WHAT IS EXPECTED
Restate the listing below line for line and word for word, without the pictures.

Top of DATA BLOCK

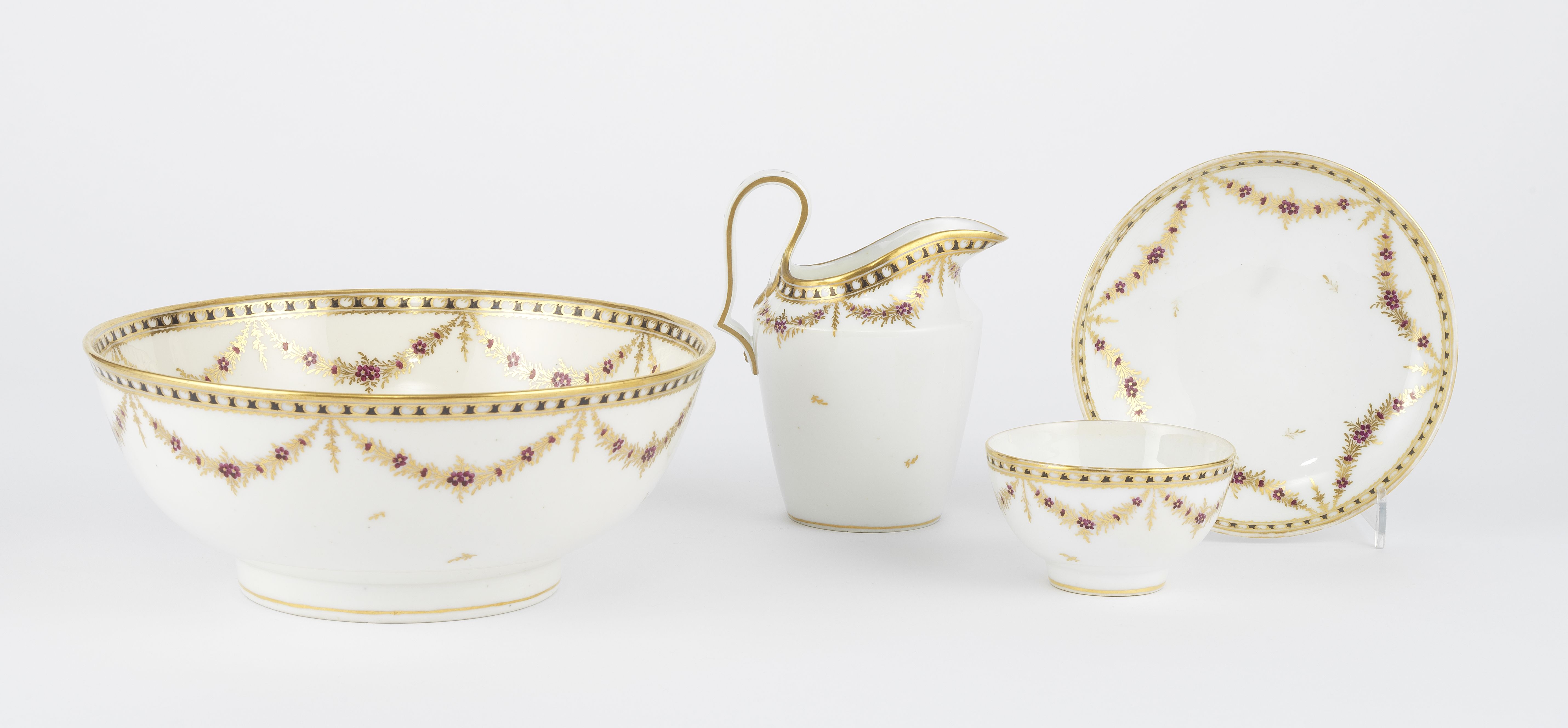 4313. Jatte, verseuse et bol à décor de Reine de Naples
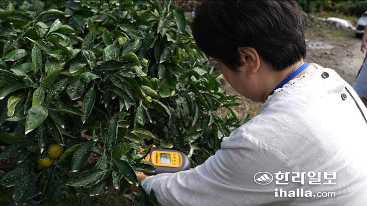 감귤 당도를 측정하는 장면. 서귀포시 제공
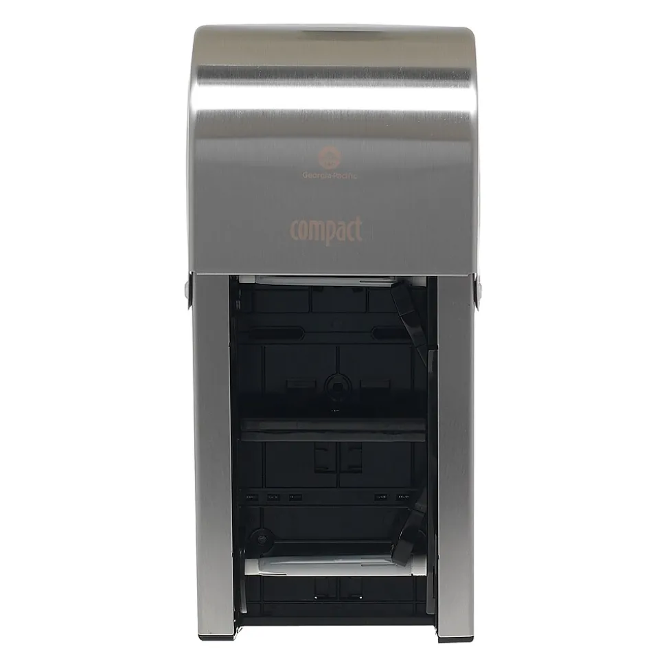 Compact® coreless toilet paper dispensing systems answer key needs for facilities managers when it comes to toilet paper for the restrooms. These high capacity systems help you avoid running out between service intervals and help reduce maintenance time typically spent changing out conventional toilet paper rolls. These systems save up to 95% in packaging waste compared to GP PRO’s standard roll toilet paper by eliminating stub-rolls, corrugate cores, paper roll wraps and the outer cardboard shipping case. And because the Compact® case has a smaller footprint, it requires less storage space. Compact® coreless toilet paper dispensers are designed to give the facility high capacity for continuous service. GP PRO is a division of Georgia-Pacific Consumer Products. We deliver well-designed, durable and easy-to-maintain professional solutions to meet the handwashing and cleaning needs for a range of business applications.

Bottom of DATA BLOCK

SOLUTION FOR THIS PROBLEM
 4313. Jatte, verseuse et bol à décor de Reine de Naples
 감귤 당도를 측정하는 장면. 서귀포시 제공
 Compact® coreless toilet paper dispensing systems answer key needs for facilities managers when it comes to toilet paper for the restrooms. These high capacity systems help you avoid running out between service intervals and help reduce maintenance time typically spent changing out conventional toilet paper rolls. These systems save up to 95% in packaging waste compared to GP PRO’s standard roll toilet paper by eliminating stub-rolls, corrugate cores, paper roll wraps and the outer cardboard shipping case. And because the Compact® case has a smaller footprint, it requires less storage space. Compact® coreless toilet paper dispensers are designed to give the facility high capacity for continuous service. GP PRO is a division of Georgia-Pacific Consumer Products. We deliver well-designed, durable and easy-to-maintain professional solutions to meet the handwashing and cleaning needs for a range of business applications.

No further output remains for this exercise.